This view is consistent with a major scientific review of subclinical thyroid disease, ironically commissioned by the three professional societies that have forced today’s meeting. The review found that the available data were “insufficient” to show a benefit upon lipid levels, cardiac dysfunction, systemic hypothyroid symptoms or neuropsychiatric symptoms from treating patients with TSH’s of either 4.5-10 mIU/L or >10mIU/L. Furthermore, the review found “no evidence” that treatment at either of these TSH levels had an impact upon adverse cardiac endpoints.
Moreover, the proposal to include TSH in bioequivalence testing is not even consistent with FDA regulations. Bioequivalence is defined as “the absence of a significant difference in the rate and extent to which the active ingredient or active moiety in pharmaceutical equivalents or pharmaceutical alternatives becomes available at the site of drug action when administered at the same molar dose under similar conditions in an appropriately designed study.” The regulations go on to define a hierarchy of acceptable measurements with measurement of the active ingredient at the top and measures of the pharmacological effect of the drug only third. Moreover, the regulations permit this less-desirable approach “only when appropriate methods are not available for measurement of the concentration of the moiety, and, when appropriate, its active metabolite(s).” Abbott would literally have the FDA break or rewrite existing regulations.
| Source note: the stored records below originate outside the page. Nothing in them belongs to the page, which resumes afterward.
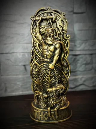 Realizzato e pitturato a mano. Pezzi unici Misure descritte in foto. Materiale: Gesso Alabastrino Colore oro / dorato, finitura metallica, effetto pietra. Scultura mito norreno Thor, divinità della mitologia vichinga, figlio di Odino. Dettagli intricati in rilievo con simboli iconici, mantello leggendario mjölnir. Figura mitologica dio nordic rune, lancia gungnir e scudo, re del tuono e del fulmine. Simbolo protettore nordico vichingo mitologico. Disponibile anche Odino, Freya e altre statue nordiche. Particolare decoro casa statuetta vichingo stile gotico celtico pagan esoterico Soprammobile statua gothic punk con segni vikingo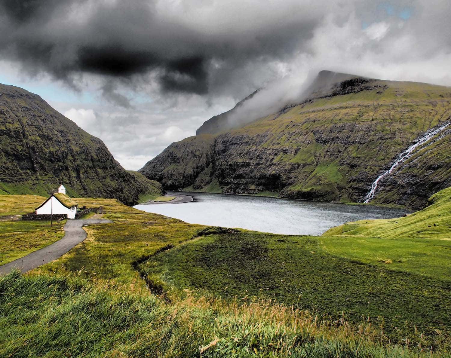 Tórshavn besteht aus bunten, teils grasgedeckten Häusern, einem Hafen und einer langen Straße, die vom Hafen wegführt. Auf nach Kirkjubøur – nordischer Kaffeeklatsch. Diese Straße führt uns nach Argír. Wie schon auf dem Weg nach Tórshavn in der Früh zeigt sich die Insel in voller Pracht. Spektakuläre Steilkliffs, Fjorde und hohe Berge. Dazwischen Täler wie aus einer Feensaga entsprungen mit immer verschiedenen Anordnungen von Fels, Stein und saftigem Grün – mal umhüllt von Nebel, mal durchzogen von Wasserfällen. Als hätte der Schöpfer zentnerschwere Findlinge samt grüner Farbe über die Hänge geschüttet, die ungehindert durch fehlende Vegetation ins Tal gekullert sind. Unser Ziel: das drei Stunden entfernte Kirkjubøur, wo uns Farmer Jóannes Patursson zum Kaffee erwartet.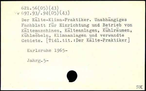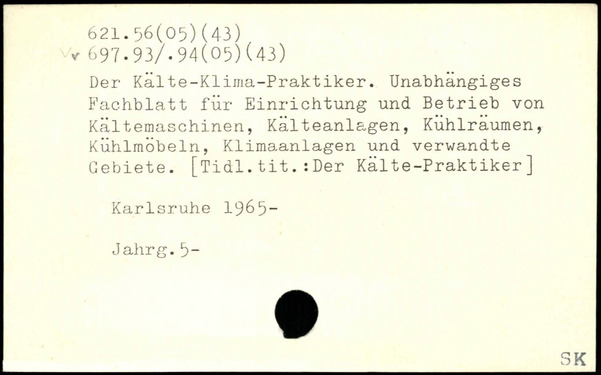 Der Kalte-Klima-Praktiker. Unabhängiges Fachblatt für Einrichtung und Betrieb von Kältemaschinen, Kälteanlagen, Kuhlräumen, i Kühlmöbeln, Klimaanlagen und verwandte Gebiete. [Tidl.tit.:Der Kälte-Praktiker] Karlsruhe 1965- Jahrg.

As is well known, the history of bioequivalence determinations for levothyroxine is one sullied by data suppression, data manipulation, plagiarism, private investigations and legal threats., The longer Abbott drags out this proceeding, the more it seems that when the company acquired the patent rights to Synthroid in 2001 it also procured the previous owner’s predilection for bullying and data manipulation.
 Dale Conner, FDA. Transcript of the Meeting of the Advisory Committee for Pharmaceutical Science, March 13, 2003, p. 158.
 Dale Conner, FDA. Transcript of the Meeting of the Advisory Committee for Pharmaceutical Science, March 13, 2003, p. 207.
 Toft A. Which thyroxine? Thyroid 2005;15:124-6.
 Lesko L, FDA. Transcript of the Meeting of the Advisory Committee for Pharmaceutical Science, March 13, 2003, p. 201.
 Surks MI, Ortiz E, Daniels GH, et al. Subclinical thyroid disease: scientific review and guidelines for diagnosis and management. Journal of the American Medical Association 2004;291:228-38.
 21 CFR 320.1(e)
 21 CFR 320.24(b)
 21 CFR 320.24(b)(3)
 Rennie D. Thyroid storm. Journal of the American Medical Association 1997;277:1238-43.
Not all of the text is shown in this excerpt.